# St. John's Hospital (Lincolnshire County Lunatic Asylum), Bracebridge Heat, Dec 10



## KooK. (Dec 5, 2010)

Visited with jST

After visiting [ame="http://www.derelictplaces.co.uk/main/showthread.php?t=17166"]Lincoln County Hospital[/ame] we headed down the road to St. John's Hospital with plans to head for maltings action shortly after. The snow was nice and fresh all around, with evidence of a security patrol a couple of days before.

Once we'd walked almost the whole perimeter we eventually found an AP into a meeting room, but that's as far as we got as the internal door was locked! We eventually found a way into the main building and had pretty free roaming around, we did have a bit of a scare when we thought we saw someone stood at the bottom end of a corridor, it turned out to be a trick of the eye, it was just a hole in a breeze block wall 

If I;m back in the area I might have to pop by to climb the water tower, it was a bit icy to even think about it on this occasion.

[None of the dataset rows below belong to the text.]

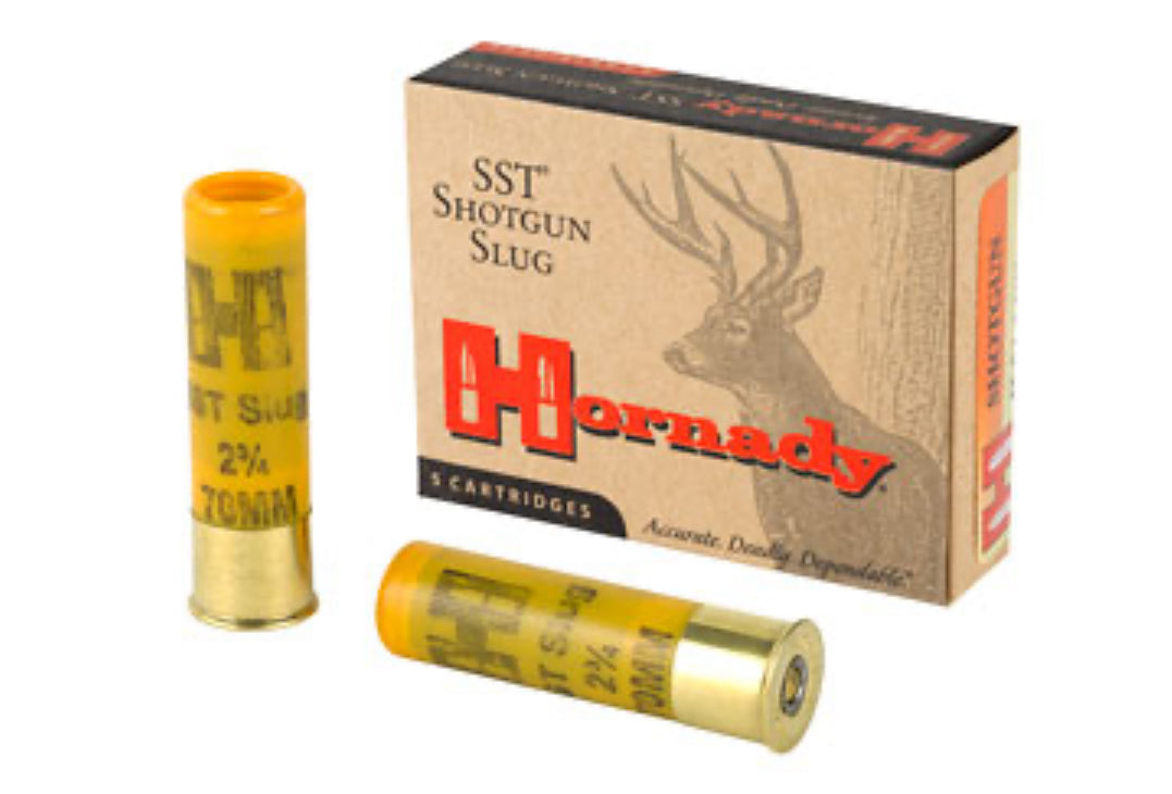 Hornady(R) SST(R) Shotgun Slugs feature patented Flex Tip(R) technology. Take the proven performance of the super-accurate patented bullet and transform your favorite rifled barrel slug gun into a firearm that outperforms some centerfire rifles. In both 12 gauge and the 20 gauge cartridges, Hornady(R) SST(R) Shotgun Slugs deliver sub-2" groups at 100 yards and feature the flattest trajectory on the market.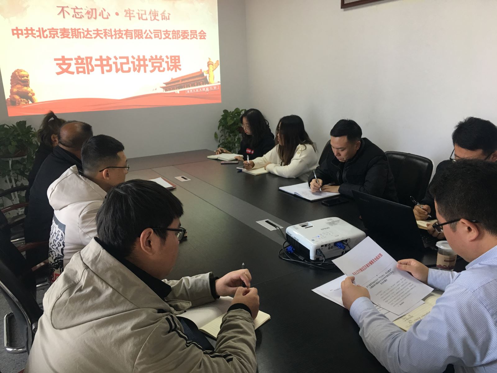 為進(jìn)一步深化“不忘初心、牢記使命”主題教育,集中傳達(dá)學(xué)習(xí)黨的十九屆四中全會(huì)精神,2019年12月2日,中共北京麥斯達(dá)夫科技有限公司支部委員會(huì)組織開(kāi)展“支部書(shū)記講黨課”活動(dòng)。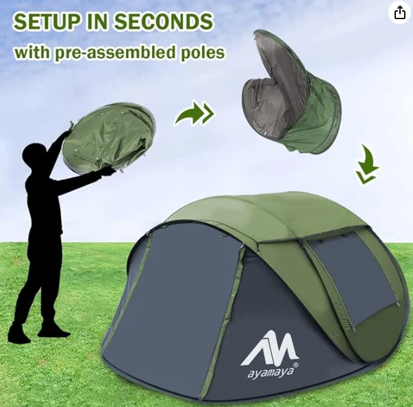स्वयंचलित फास्ट ओपन कॅम्पिंग तंबू, फक्त कॅम्पिंग तंबू बाहेर काढा आणि त्यास न थांबवा, सेकंदात ते आपोआप पॉप अप होईल.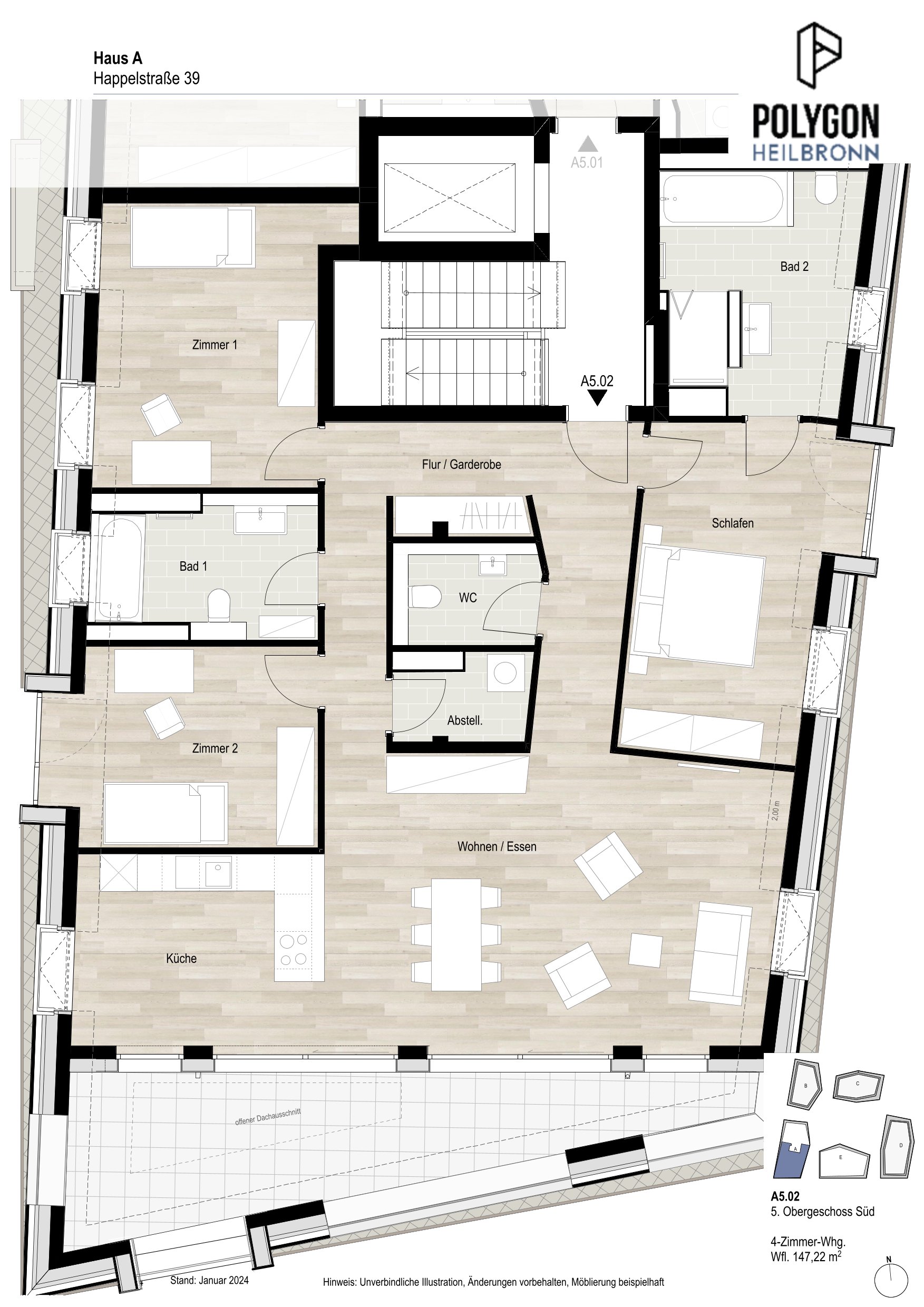 Das Wohnbauprojekt POLYGON umfasst den Neubau von fünf Mehrfamilienhäusern auf einem ca. 3.287 m2 großen Grundstück an der Happelstraße in Heilbronn. Auffallend sind die außergewöhnliche Architektur der Gebäude, deren polygonale Formen unterschiedliche Traufhöhen ergeben und spannende räumliche Situationen schaffen. Jede Gebäudeseite besticht mit einer individuellen Optik und Kubatur – und ohne die sonst übliche Einteilung der Fassaden in Vorder- und Rückseite. Ein zentraler begrünter Innenhof erschließt die Wohngebäude und die gemeinsame zweigeschossige Tiefgarage. Neben Anforderungen an ein KfW-Effizienzhaus 55 (GEG) erfüllen sämtliche Gebäude auch die Vorschriften des Schallschutzes und verfügen über eine effiziente Be- und Entlüftungstechnik. Sie werden nach den Standards der EnEV 2016 errichtet und erhalten wärmegedämmte Außenwände sowie eine Dachbegrünung. Insgesamt entstehen im POLYGON 69 freifinanzierte und 20 geförderte Wohneinheiten sowie 92 Stellplätze in der Tiefgarage. Der Wohnungsmix umfasst 1,5- bis 4-Zimmer-Wohnungen mit Wohnflächen von 35 bis 147 m2.
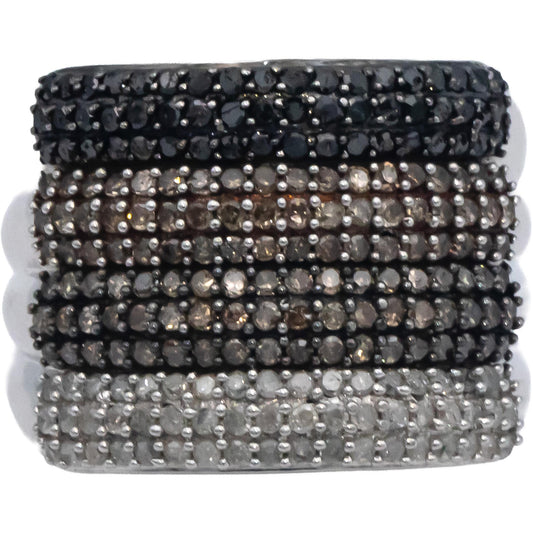 10k White Gold 1.10CT White Brown Black Diamond Wide Band Ring Size 7

> Formerly, the Lincolnshire County Lunatic Asylum. The Asylum was built in 1852 and enlarged on several subsequent occasions. It was originally established jointly by Lindsey, Kesteven, Holland, Lincoln, Grimsby and Stamford, and managed by a Board of Visitors appointed by the contributing authorities. Kesteven and Grantham withdrew from the arrangement when the contract of Union expired in 1893 (eventually establishing the Kesteven County Asylum at South Rauceby, 1897). The hospital was set in grounds of 120 acres which included gardens, farmland and a burial ground. In 1940 female patients were transferred to other hospitals, mainly Storthes Hall near Huddersfield, to make space for an Emergency Hospital, and many did not return until well after the end of the War. Administration of the hospital passed to the National Health Service in 1948. By the early 1960s it was known by its final name of St John's Hospital. Patients were admitted from Harmston Hall Hospital when that hospital closed. St John's Hospital itself was closed in December 1989 with the remaining patients transferred to other establishments. The site was sold for housing and most of the buildings apart from the central block were demolished.
> 
> The following names, among others, were used for the Institution, sometimes interchangeably:
> 1852-1893 Lincolnshire County Lunatic Asylum or Lincolnshire County Pauper Lunatic Asylum
> ...





































































































*A lovely little treat...*









Thanks for looking


----------



## MD (Dec 5, 2010)

great work on this and lincs county 
you got some great shots


----------



## 0xygen (Dec 5, 2010)

Love it - especially the corridor shots!

Nice one,

-0xy


----------



## jjstenso (Dec 5, 2010)

Those is some beauties right there.

An absolutely top day out, two really enjoyable, hassle free explores.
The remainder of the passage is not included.